# [Input data]
────────────────────────────────────────
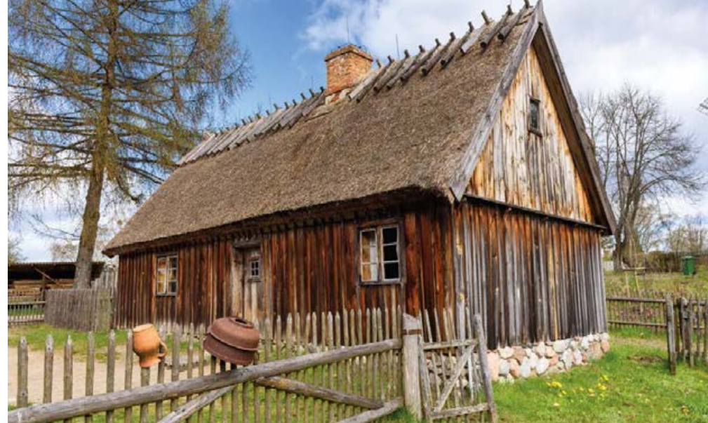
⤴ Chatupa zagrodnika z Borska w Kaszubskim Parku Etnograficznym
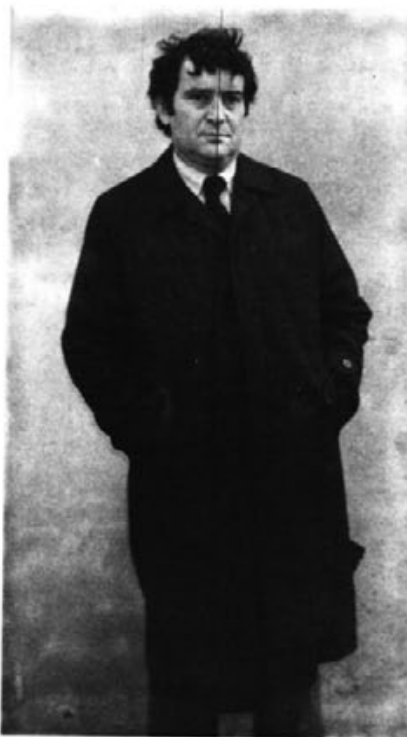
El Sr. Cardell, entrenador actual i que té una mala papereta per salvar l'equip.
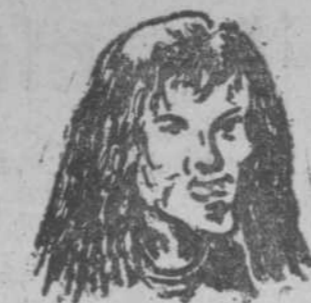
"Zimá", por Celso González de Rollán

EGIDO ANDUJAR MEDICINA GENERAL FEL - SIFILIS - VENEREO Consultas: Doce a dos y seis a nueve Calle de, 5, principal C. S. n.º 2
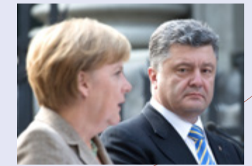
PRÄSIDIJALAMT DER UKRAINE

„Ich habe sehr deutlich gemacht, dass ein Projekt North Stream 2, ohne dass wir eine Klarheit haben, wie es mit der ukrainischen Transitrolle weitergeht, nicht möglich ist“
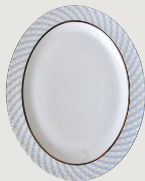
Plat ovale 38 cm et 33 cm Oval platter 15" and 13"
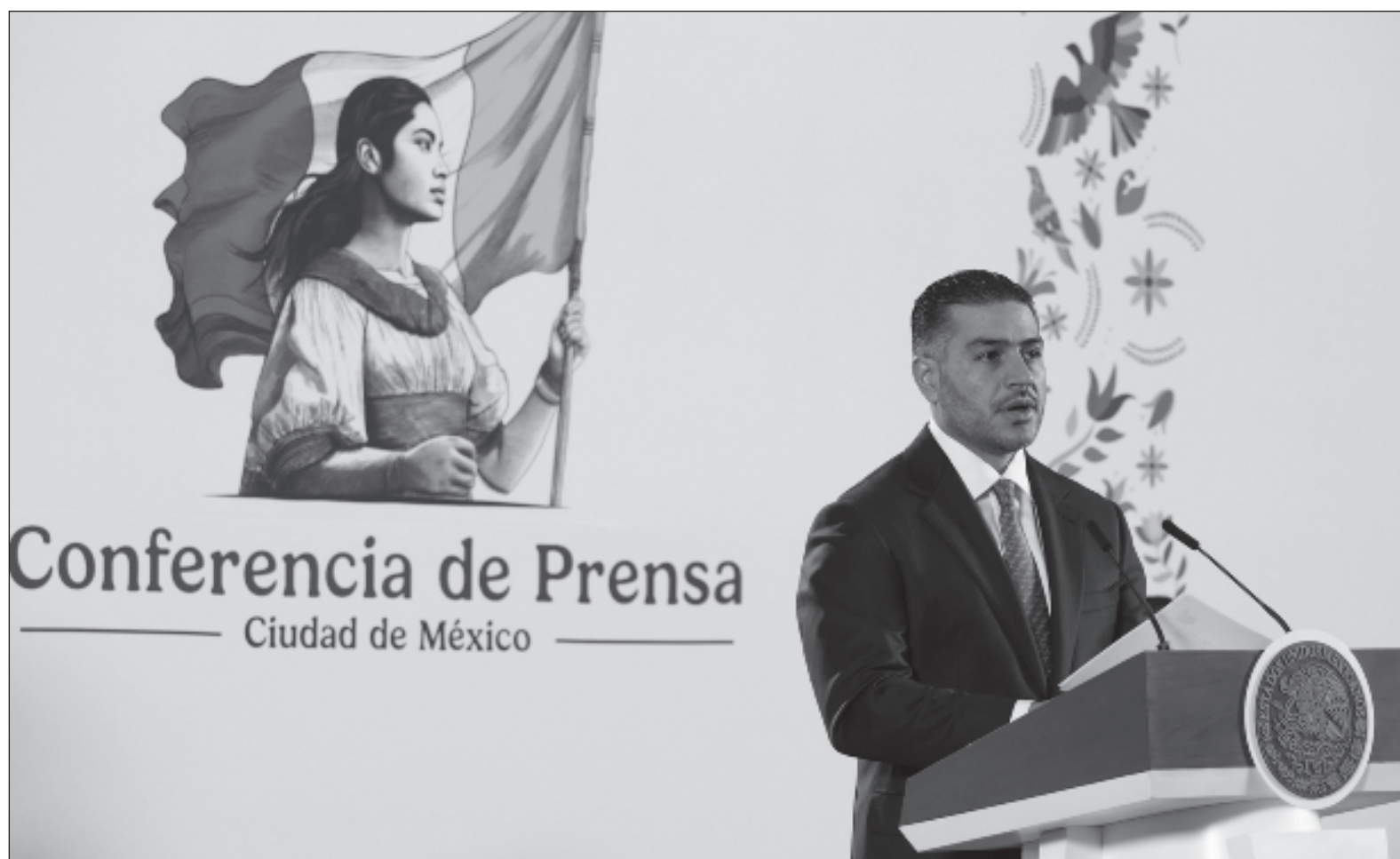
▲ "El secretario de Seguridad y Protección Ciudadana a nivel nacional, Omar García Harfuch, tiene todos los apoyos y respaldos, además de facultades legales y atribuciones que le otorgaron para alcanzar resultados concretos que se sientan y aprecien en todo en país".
────────────────────────────────────────
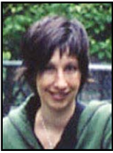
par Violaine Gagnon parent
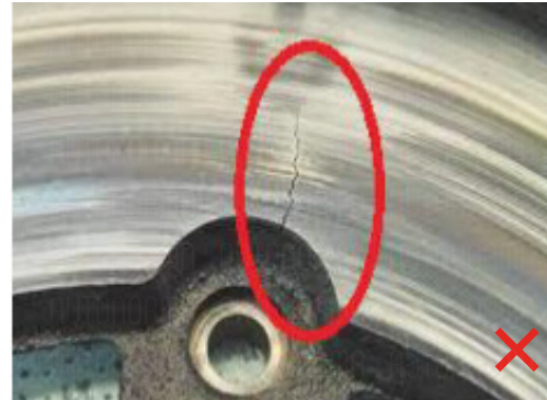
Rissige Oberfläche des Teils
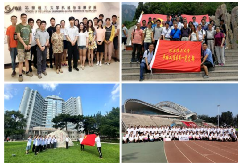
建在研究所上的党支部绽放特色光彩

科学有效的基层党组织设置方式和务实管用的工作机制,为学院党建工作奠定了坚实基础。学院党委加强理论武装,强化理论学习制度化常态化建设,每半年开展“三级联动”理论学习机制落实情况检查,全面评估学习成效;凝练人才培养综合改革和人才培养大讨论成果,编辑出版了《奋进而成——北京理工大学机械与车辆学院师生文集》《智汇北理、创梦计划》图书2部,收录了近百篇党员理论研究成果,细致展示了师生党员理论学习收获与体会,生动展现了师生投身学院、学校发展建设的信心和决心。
────────────────────────────────────────
# [Assignment]
Among the entries above, find the line with "El Sr. Cardell, entrenador" and repeat exactly from there through the line with "secretario de Seguridad", leaving out the pictures.

# [Written solution]
El Sr. Cardell, entrenador actual i que té una mala papereta per salvar l'equip.
"Zimá", por Celso González de Rollán

EGIDO ANDUJAR MEDICINA GENERAL FEL - SIFILIS - VENEREO Consultas: Doce a dos y seis a nueve Calle de, 5, principal C. S. n.º 2
PRÄSIDIJALAMT DER UKRAINE

„Ich habe sehr deutlich gemacht, dass ein Projekt North Stream 2, ohne dass wir eine Klarheit haben, wie es mit der ukrainischen Transitrolle weitergeht, nicht möglich ist“
Plat ovale 38 cm et 33 cm Oval platter 15" and 13"
▲ "El secretario de Seguridad y Protección Ciudadana a nivel nacional, Omar García Harfuch, tiene todos los apoyos y respaldos, además de facultades legales y atribuciones que le otorgaron para alcanzar resultados concretos que se sientan y aprecien en todo en país".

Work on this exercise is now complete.